ERC NanOnc

In our current society, therapeutic strategies against cancer suffer from dose-limiting toxicity, lack of specificity and high morbidity. To overcome this, the use of nanomaterials (NMs) is rising, where several NM formulations are undergoing clinical trials or are used in clinics where the NMs are used as drug delivery vehicles or as mediators in physical anticancer methods (e.g. hyperthermia), where to date, the success rate is limited due to low tumor targeting efficacy, lack of specificity and frequent re-use of classical toxicity mechanisms.

 

To overcome these issues, this research program aims to exploit the intrinsic toxicity of certain types of metal-based, degradation-prone NMs (Fe-doped ZnO, Fe-doped CuO and Ag of different sizes and coatings) towards only cancer cells as a novel and generic anti-cancer tool with:

1. improved efficacy against difficult to treat cancers such as multidrug-resistant cancer cells

2. enhanced specificity and selectivity of the treatment by the intrinsic cancer cell-specific toxicity of NMs towards cancer cells.

 

To overcome the issues related to selective delivery of the NMs, tumor-homing cells will be used that have been shown to efficiently home to primary tumors and their metastases.

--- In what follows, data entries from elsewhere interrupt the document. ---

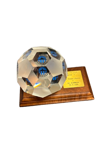Kristallen voetbal van de UEFA Cup-wedstrijd Slovan Liberec – AZ Alkmaar op 23 november 2006. Een officieel relatiegeschenk dat deze Europese ontmoeting markeert.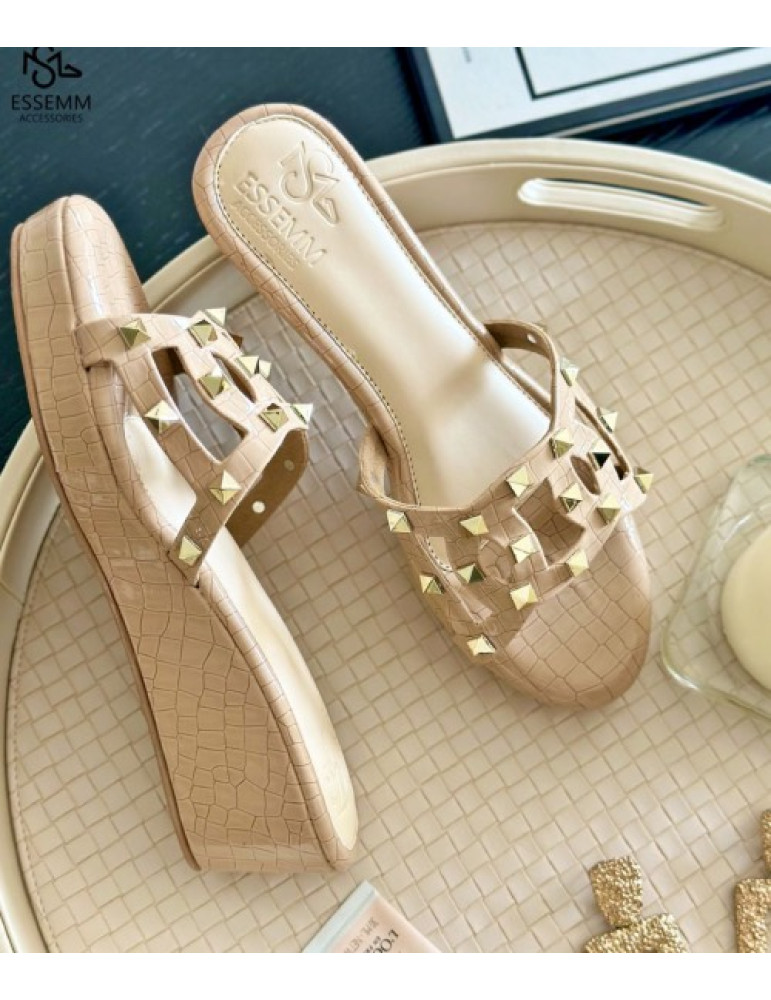 BEIGE STUDDED SLIDES IN A WEDGE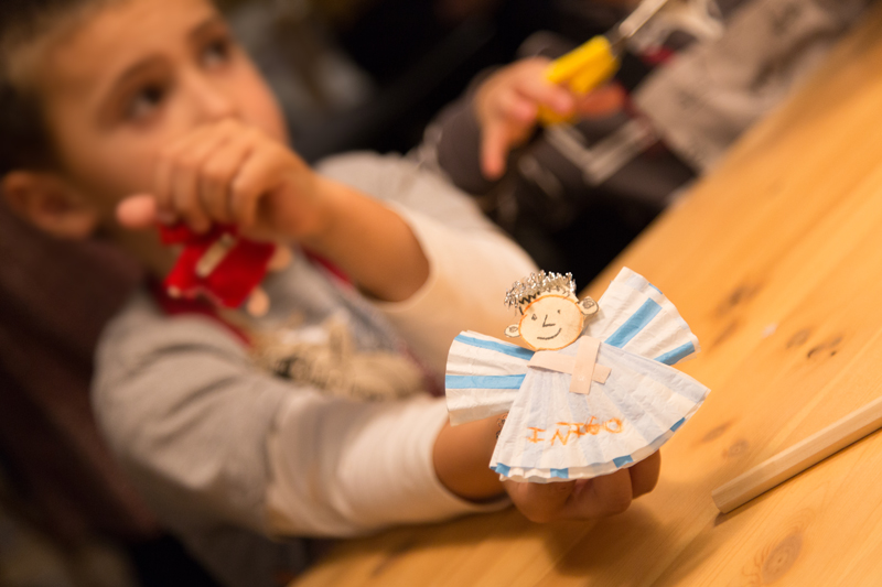 La dinámica se hizo en 4 grupos. Los padres y madres iban rotando de un taller a otro hasta completarlos con mis compis, y los peques y yo después de ver unas cuantas ideas para hacer servilleteros, nos pusimos manos a la obra con el servilletero ángel.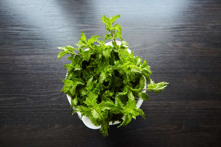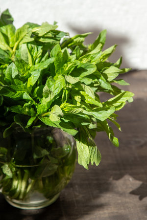 fresh mint close up on wood desk. tea leaves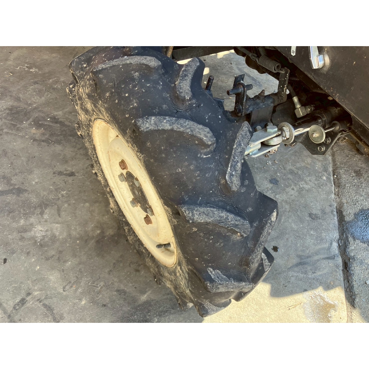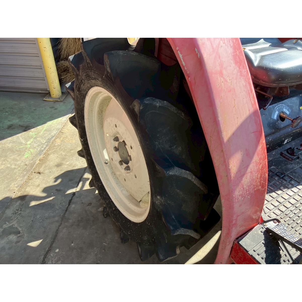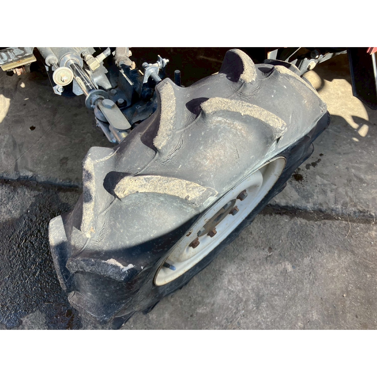 - without rotary, battery ok, with PS, cracked all tires, slightly oil leak from front left tire's shaft, white smoke comes out when engine is running, faded exterior, tractor has rust, torn seat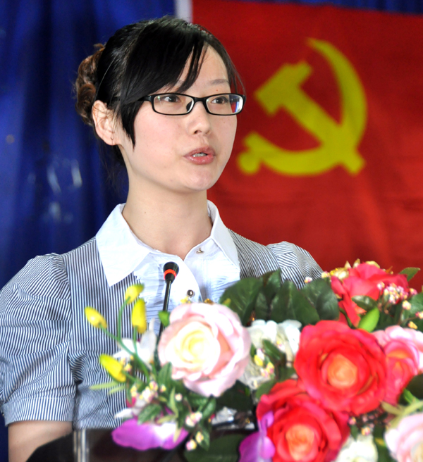 庄严的旋律响起,与会人员全体起立奏《国际歌》,本次大会正式拉开帷幕。306名党员在鲜艳的党旗下庄严宣誓,员工干部、国贸5091班的毛娟作为毕业生党员代表发言。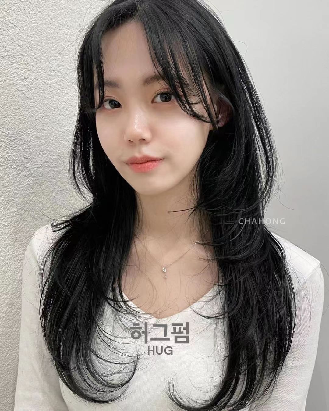 例如這款髮型,底線整齊,但發梢卻輕盈又帶有一些動感,把靜與動完美地結合在一起,讓一款普通的髮型充滿了時尚感。空氣瀏海以及自然的發色,更是給這款髮型註入了滿滿的高級感。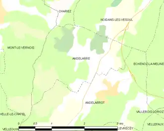 - « Orthodromie entre Andelarre et Vesoul », sur fr.distance.to (consulté le ).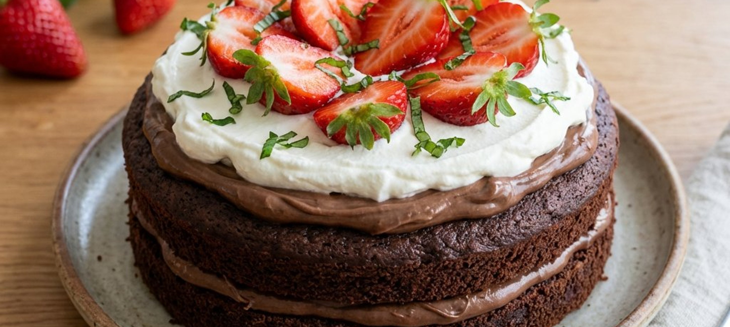 - 3Den zweiten Boden auflegen und den Vorgang wiederholen. Die Torte oben mit den restlichen Erdbeeren (mit Stiel) und ganzen Basilikumblättern dekorieren.

In practice, the NMs used show distinct degradation kinetics that primarily induce cancer-selective toxicity. To obtain efficient tumor targeting, genetically engineered tumor-homing cells will be loaded with the NMs using advanced cell loading methods. The tumor homing efficacy of these cells will be monitored via optical imaging and once at the target site these cells will release the NMs using various methods that will be optimized in this project. This will release the NMs into the tumor site, where they can selectively destroy the cancer cells. This research program will be the first to explore the full potential of cancer-specific toxicity of NMs and to tackle the delivery of NMs to solid tumors using a combination of genetic and physical methods.